Global agriculture could be carbon-negative, says analysis

Agriculture is responsible for roughly a quarter of the world’s total greenhouse gas emissions, but a new analysis says it could become not only carbon neutral, but carbon negative – removing billions of tonnes of CO2 each year – by 2050.

The study, published in PLOS Climate, estimates that changes to agricultural technology and management could result in an annual removal of 13 billion tonnes of CO2 by 2050. For context, the world currently emits about 50 billion tonnes of CO2-equivalent each year.

“Our study recognizes the food system as one of the most powerful weapons in the battle against global climate change,” says co-lead author Professor Benjamin Houlton, dean of the College of Agriculture and Life Sciences at Cornell University, US.
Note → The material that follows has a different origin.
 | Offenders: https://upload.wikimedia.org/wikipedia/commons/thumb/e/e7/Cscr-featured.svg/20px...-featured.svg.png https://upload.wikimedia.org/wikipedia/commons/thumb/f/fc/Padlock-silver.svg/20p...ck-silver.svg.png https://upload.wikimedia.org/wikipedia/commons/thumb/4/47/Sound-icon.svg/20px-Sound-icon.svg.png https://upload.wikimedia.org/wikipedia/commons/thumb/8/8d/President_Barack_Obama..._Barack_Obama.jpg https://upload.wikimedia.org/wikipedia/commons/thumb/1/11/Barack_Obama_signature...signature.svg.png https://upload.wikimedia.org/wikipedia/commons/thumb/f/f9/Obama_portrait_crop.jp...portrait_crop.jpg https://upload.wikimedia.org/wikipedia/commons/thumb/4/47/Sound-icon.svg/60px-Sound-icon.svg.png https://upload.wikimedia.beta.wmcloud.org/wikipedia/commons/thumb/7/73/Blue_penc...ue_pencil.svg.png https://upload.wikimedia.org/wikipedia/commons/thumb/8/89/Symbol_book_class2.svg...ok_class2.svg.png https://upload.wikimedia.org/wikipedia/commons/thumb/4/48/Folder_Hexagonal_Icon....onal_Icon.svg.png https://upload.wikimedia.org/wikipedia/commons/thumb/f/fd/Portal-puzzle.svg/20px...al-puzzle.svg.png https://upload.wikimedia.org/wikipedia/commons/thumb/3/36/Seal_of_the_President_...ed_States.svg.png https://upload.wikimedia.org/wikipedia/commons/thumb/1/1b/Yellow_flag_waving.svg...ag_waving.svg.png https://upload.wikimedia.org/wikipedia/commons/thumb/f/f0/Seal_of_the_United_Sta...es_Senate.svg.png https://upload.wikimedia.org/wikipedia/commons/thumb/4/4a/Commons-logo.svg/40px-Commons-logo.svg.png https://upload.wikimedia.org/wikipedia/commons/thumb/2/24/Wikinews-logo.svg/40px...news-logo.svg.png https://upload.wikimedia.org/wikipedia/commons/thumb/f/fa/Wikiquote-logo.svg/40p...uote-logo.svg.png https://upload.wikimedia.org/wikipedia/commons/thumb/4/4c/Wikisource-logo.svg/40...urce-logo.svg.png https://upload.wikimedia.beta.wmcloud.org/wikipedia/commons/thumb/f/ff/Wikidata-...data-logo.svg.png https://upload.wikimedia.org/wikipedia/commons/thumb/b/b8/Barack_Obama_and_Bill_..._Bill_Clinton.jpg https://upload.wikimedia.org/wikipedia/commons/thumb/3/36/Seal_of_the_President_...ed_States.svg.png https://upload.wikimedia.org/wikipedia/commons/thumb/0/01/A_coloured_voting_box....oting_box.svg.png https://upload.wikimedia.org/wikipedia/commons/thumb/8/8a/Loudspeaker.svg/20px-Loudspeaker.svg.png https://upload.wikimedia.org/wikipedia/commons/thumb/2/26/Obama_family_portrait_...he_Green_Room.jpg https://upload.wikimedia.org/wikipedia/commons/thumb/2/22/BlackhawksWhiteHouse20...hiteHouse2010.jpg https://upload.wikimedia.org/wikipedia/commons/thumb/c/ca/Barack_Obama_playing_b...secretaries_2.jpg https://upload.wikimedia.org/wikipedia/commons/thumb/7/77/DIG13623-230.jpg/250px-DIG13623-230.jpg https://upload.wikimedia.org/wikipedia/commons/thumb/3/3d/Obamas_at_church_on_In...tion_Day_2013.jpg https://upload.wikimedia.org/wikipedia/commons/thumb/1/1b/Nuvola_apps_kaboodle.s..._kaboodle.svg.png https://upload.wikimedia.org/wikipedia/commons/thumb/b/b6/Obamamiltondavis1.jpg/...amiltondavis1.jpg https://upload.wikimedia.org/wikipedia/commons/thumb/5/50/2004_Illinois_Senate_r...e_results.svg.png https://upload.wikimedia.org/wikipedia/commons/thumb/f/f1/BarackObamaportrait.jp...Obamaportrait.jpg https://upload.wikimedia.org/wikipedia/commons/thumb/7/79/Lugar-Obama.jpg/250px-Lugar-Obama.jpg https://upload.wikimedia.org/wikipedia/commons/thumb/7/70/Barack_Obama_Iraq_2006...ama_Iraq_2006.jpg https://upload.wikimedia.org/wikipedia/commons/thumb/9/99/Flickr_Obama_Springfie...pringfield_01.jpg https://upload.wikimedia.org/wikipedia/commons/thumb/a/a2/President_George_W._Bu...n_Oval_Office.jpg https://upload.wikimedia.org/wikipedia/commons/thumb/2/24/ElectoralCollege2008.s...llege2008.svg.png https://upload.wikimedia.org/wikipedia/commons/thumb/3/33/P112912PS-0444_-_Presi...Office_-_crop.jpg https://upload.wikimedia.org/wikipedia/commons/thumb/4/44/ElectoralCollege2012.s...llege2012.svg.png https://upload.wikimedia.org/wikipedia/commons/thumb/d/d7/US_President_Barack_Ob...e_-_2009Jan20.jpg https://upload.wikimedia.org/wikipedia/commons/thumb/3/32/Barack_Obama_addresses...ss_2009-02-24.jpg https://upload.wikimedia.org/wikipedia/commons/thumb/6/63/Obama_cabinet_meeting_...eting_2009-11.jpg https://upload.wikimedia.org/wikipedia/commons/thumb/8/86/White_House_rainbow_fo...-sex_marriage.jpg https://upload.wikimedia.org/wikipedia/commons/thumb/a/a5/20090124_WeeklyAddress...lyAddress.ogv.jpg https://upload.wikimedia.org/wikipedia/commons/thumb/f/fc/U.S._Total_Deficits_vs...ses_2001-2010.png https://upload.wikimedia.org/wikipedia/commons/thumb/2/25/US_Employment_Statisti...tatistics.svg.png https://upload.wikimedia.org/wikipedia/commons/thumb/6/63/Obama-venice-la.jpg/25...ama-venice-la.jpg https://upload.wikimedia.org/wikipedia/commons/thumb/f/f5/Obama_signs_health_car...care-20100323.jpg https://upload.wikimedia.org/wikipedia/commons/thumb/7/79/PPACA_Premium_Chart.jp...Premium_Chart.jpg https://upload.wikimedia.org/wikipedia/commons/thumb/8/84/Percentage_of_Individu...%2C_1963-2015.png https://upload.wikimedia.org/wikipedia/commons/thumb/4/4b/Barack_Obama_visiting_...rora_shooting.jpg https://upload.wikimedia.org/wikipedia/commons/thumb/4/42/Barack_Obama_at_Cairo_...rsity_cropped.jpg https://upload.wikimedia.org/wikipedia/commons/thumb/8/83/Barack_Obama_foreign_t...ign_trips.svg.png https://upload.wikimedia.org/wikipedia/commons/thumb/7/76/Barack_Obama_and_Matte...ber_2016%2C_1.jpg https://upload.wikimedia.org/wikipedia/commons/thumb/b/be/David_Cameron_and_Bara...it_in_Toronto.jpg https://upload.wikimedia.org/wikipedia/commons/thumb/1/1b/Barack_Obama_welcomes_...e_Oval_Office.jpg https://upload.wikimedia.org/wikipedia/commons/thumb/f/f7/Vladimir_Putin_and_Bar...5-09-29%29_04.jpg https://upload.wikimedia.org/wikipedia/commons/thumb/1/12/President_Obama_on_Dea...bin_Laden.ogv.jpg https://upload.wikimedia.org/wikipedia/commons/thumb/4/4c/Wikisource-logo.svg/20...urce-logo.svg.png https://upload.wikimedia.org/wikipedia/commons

“We need to move beyond silver-bullet thinking and rapidly test, verify and scale local solutions by leveraging market-based incentives.”

The researchers used a global food systems model to chart different scenarios for the agricultural industry by 2050, when it will need to feed an estimated 10 billion people.
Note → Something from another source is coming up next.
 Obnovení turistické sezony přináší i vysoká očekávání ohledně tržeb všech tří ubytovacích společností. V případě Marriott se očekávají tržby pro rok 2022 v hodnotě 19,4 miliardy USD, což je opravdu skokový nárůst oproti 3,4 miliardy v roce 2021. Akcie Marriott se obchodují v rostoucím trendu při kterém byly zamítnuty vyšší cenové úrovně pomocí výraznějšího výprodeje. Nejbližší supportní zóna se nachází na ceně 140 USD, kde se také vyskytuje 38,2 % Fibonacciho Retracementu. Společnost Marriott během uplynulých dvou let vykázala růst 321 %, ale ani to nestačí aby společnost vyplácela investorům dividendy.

“Our study examines both dietary change and agricultural technologies, as various options for slashing emissions,” says co-lead author Dr Maya Almaraz, associate research scholar at Princeton University, US.

“This included an analysis of carbon sequestration.”

The researchers examined what would happen if everyone in the world adopted a flexitarian diet – defined here as the EAT-Lancet’s Planetary Health diet, which emphasises plant-based foods and has only a small amount of meat and dairy.

They found that flexitarianism would reduce greenhouse gas emissions by 8.2 billion tonnes of CO2-equivalent in total.

Changing agricultural technologies and practices had a much larger impact, according to the analysis. Seaweed farming, for instance, could remove up to 10.7 billion tonnes of CO2 annually, while planting trees on unused farmland could remove up to 10.3 billion metric tons of carbon a year.

“We only looked at about a dozen technologies,” says Almaraz. “But there are even more under development, which hold a lot of promise for the food system.”

These technologies included things like soil carbon sequestration, enhanced rock weathering, and hydrogen-powered fertilisers.

“If people choose to switch to healthier diets, as suggested by EAT-Lancet – and if they can afford it – great,” says Houlton.

“But to get the world to net negative greenhouse gas emission – a global imperative to avoid the most dangerous climate impacts – we need to rely heavily on agricultural technology and management techniques.”

These technologies are very context dependent. For instance, enhanced rock weathering, which involves putting crushed silicate rocks on soil to absorb carbon, could dramatically improve the UK’s sequestration. But most of Australia’s agricultural soil is too dry for it to be highly effective.

The researchers emphasise changes at a regional level as being the most effective.

“We need a portfolio of solutions that are effective locally but have global impact,” says Houlton.